§ Your instructions
Look below for the line containing "Wide usage and" and the line containing "プリーツの中にさらにプリーツ", then set down both and every line between them exactly, without pictures.

§ Material for this exercise
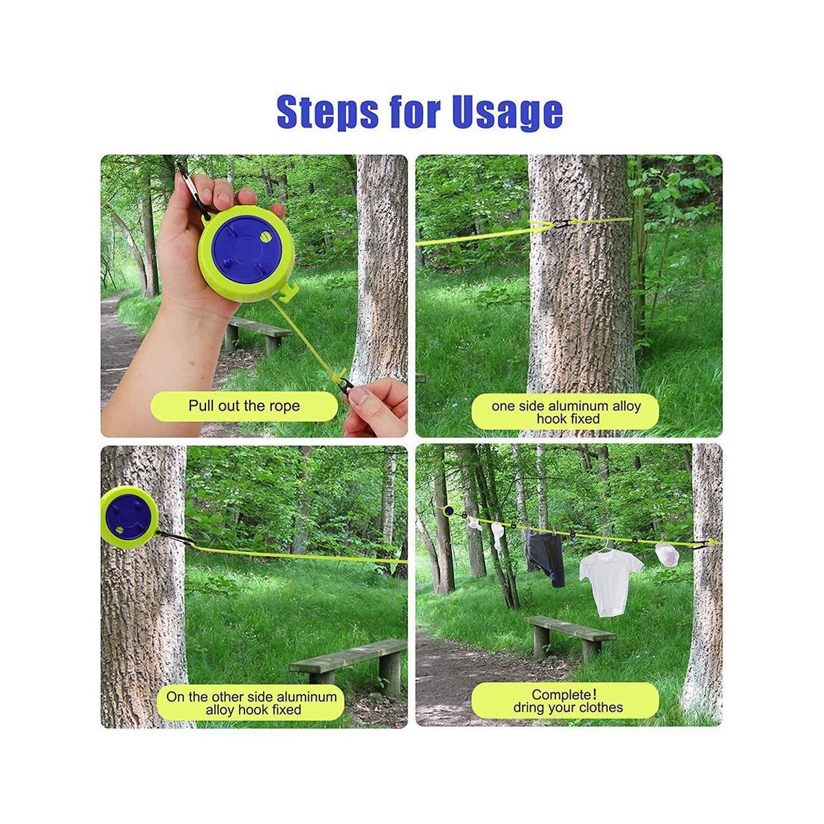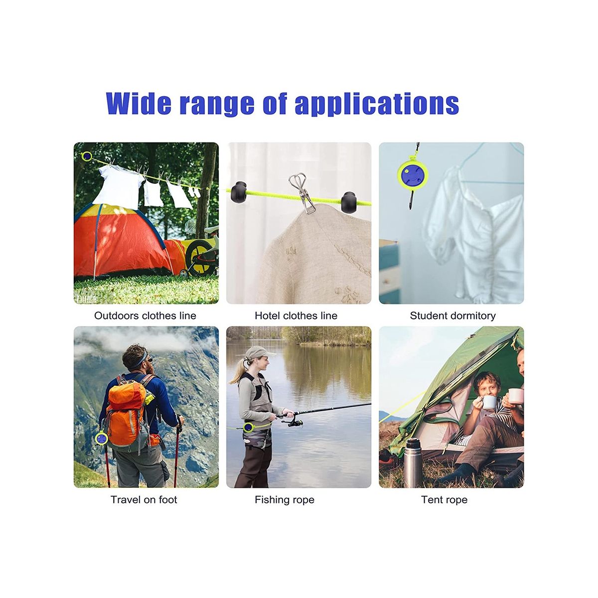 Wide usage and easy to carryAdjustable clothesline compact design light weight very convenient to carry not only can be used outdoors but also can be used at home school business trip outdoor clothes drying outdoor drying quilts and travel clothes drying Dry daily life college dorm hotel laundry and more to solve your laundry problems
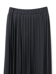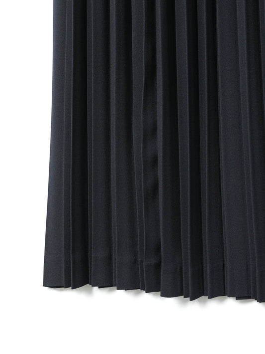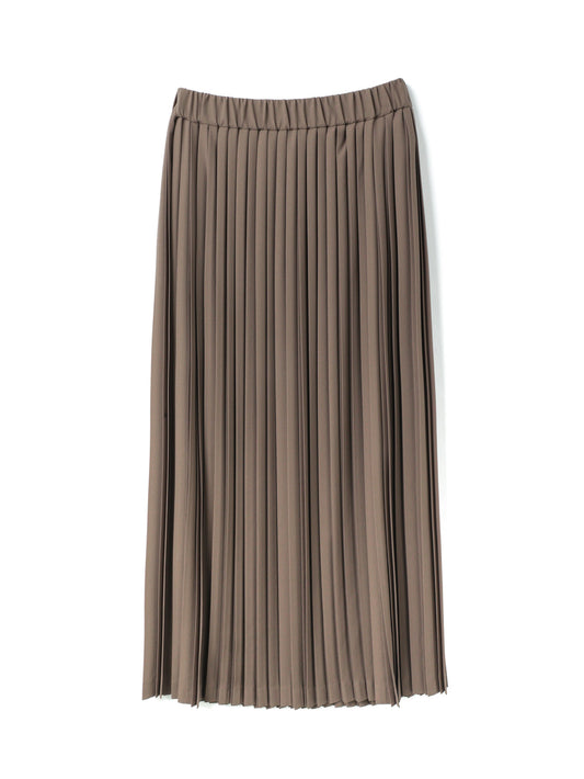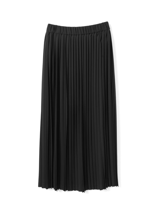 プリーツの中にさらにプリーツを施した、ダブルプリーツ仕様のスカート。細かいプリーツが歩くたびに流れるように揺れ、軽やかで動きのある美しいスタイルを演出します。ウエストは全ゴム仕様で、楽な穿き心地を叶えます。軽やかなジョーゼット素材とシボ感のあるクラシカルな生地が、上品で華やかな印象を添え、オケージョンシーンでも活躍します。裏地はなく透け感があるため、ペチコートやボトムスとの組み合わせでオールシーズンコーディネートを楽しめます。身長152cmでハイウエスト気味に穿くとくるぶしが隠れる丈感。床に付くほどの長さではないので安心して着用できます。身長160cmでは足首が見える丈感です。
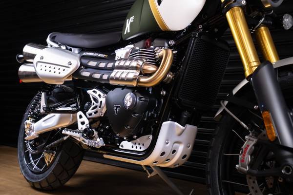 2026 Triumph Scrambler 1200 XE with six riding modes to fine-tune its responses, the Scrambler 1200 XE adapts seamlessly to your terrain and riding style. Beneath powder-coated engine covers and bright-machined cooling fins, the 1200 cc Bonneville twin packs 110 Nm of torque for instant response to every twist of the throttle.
...
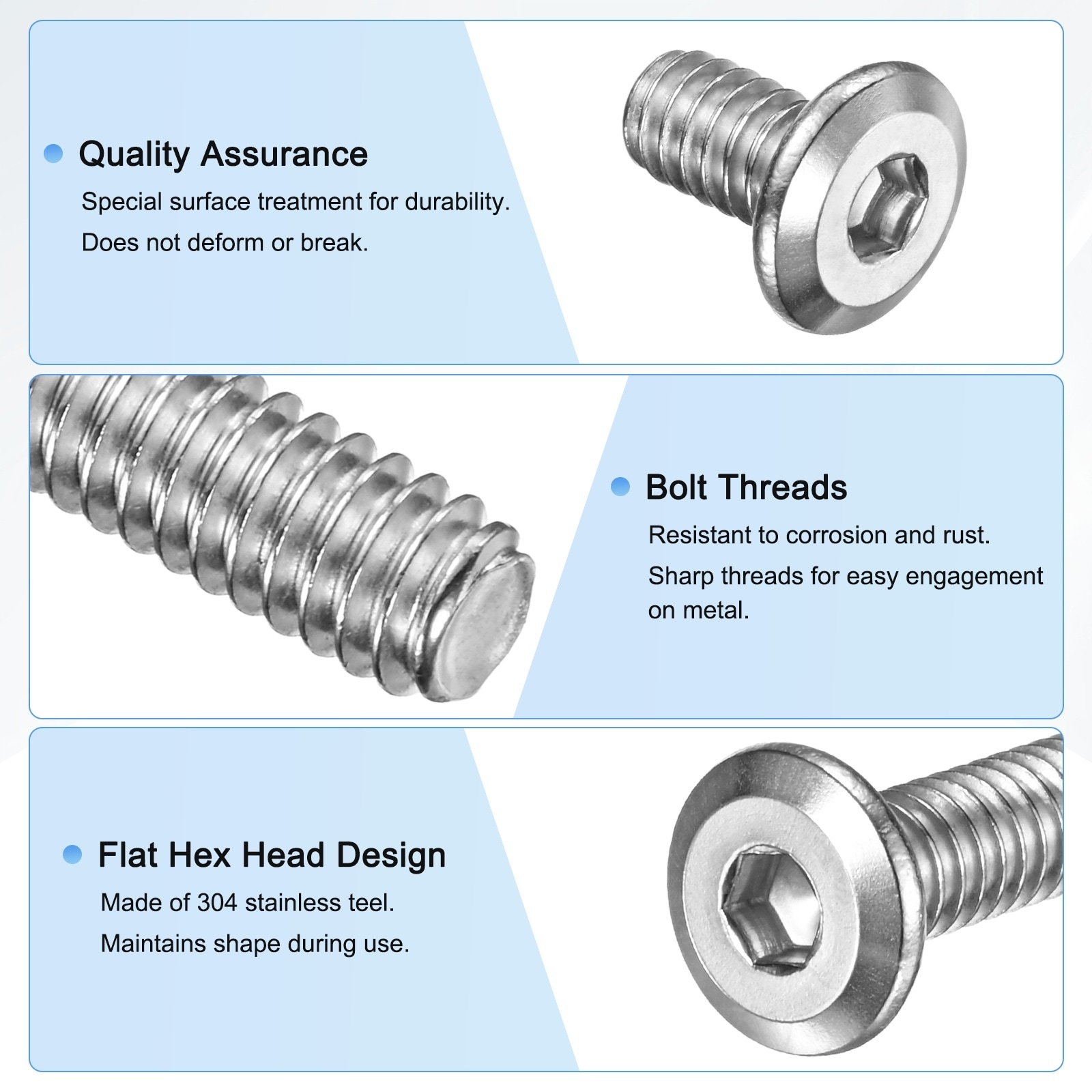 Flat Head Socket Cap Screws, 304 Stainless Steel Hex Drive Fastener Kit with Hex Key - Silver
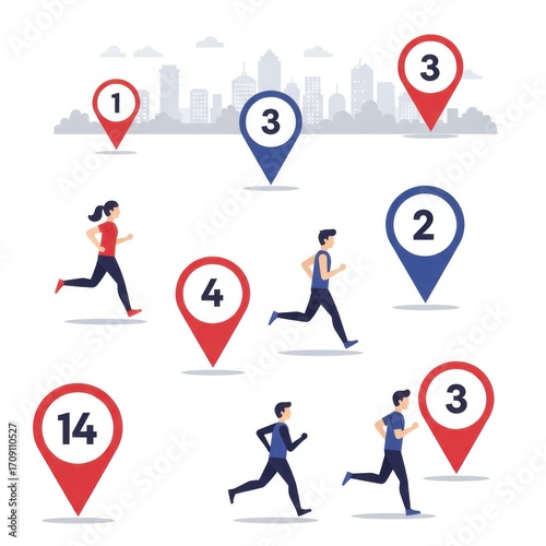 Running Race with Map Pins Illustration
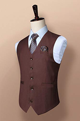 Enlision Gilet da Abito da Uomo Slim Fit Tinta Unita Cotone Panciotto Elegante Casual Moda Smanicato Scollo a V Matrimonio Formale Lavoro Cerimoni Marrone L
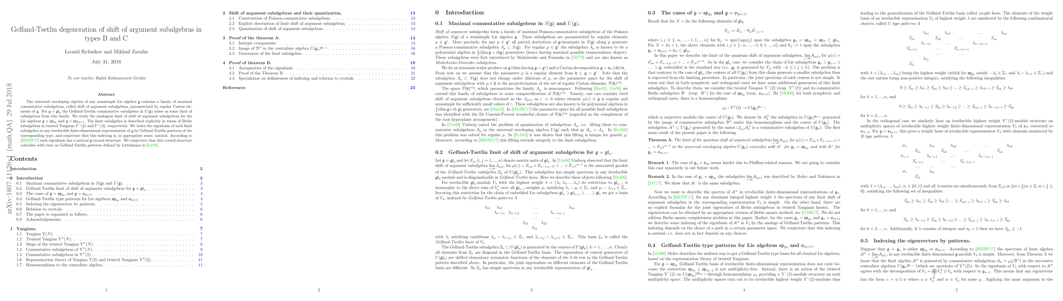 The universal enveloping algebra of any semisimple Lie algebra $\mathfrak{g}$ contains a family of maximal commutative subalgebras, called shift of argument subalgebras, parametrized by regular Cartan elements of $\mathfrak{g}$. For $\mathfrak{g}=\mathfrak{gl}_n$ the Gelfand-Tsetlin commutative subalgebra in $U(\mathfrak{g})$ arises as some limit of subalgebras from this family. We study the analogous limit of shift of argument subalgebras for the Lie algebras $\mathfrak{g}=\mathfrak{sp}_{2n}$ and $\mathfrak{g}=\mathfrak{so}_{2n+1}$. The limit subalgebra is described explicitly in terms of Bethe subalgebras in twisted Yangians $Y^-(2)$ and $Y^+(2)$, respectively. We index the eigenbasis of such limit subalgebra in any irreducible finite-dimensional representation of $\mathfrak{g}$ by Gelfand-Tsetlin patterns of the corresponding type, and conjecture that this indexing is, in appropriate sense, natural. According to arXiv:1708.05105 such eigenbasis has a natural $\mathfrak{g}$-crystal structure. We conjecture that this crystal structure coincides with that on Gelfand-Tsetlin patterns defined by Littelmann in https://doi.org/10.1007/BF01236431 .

§ Answer for the task
 Wide usage and easy to carryAdjustable clothesline compact design light weight very convenient to carry not only can be used outdoors but also can be used at home school business trip outdoor clothes drying outdoor drying quilts and travel clothes drying Dry daily life college dorm hotel laundry and more to solve your laundry problems
 プリーツの中にさらにプリーツを施した、ダブルプリーツ仕様のスカート。細かいプリーツが歩くたびに流れるように揺れ、軽やかで動きのある美しいスタイルを演出します。ウエストは全ゴム仕様で、楽な穿き心地を叶えます。軽やかなジョーゼット素材とシボ感のあるクラシカルな生地が、上品で華やかな印象を添え、オケージョンシーンでも活躍します。裏地はなく透け感があるため、ペチコートやボトムスとの組み合わせでオールシーズンコーディネートを楽しめます。身長152cmでハイウエスト気味に穿くとくるぶしが隠れる丈感。床に付くほどの長さではないので安心して着用できます。身長160cmでは足首が見える丈感です。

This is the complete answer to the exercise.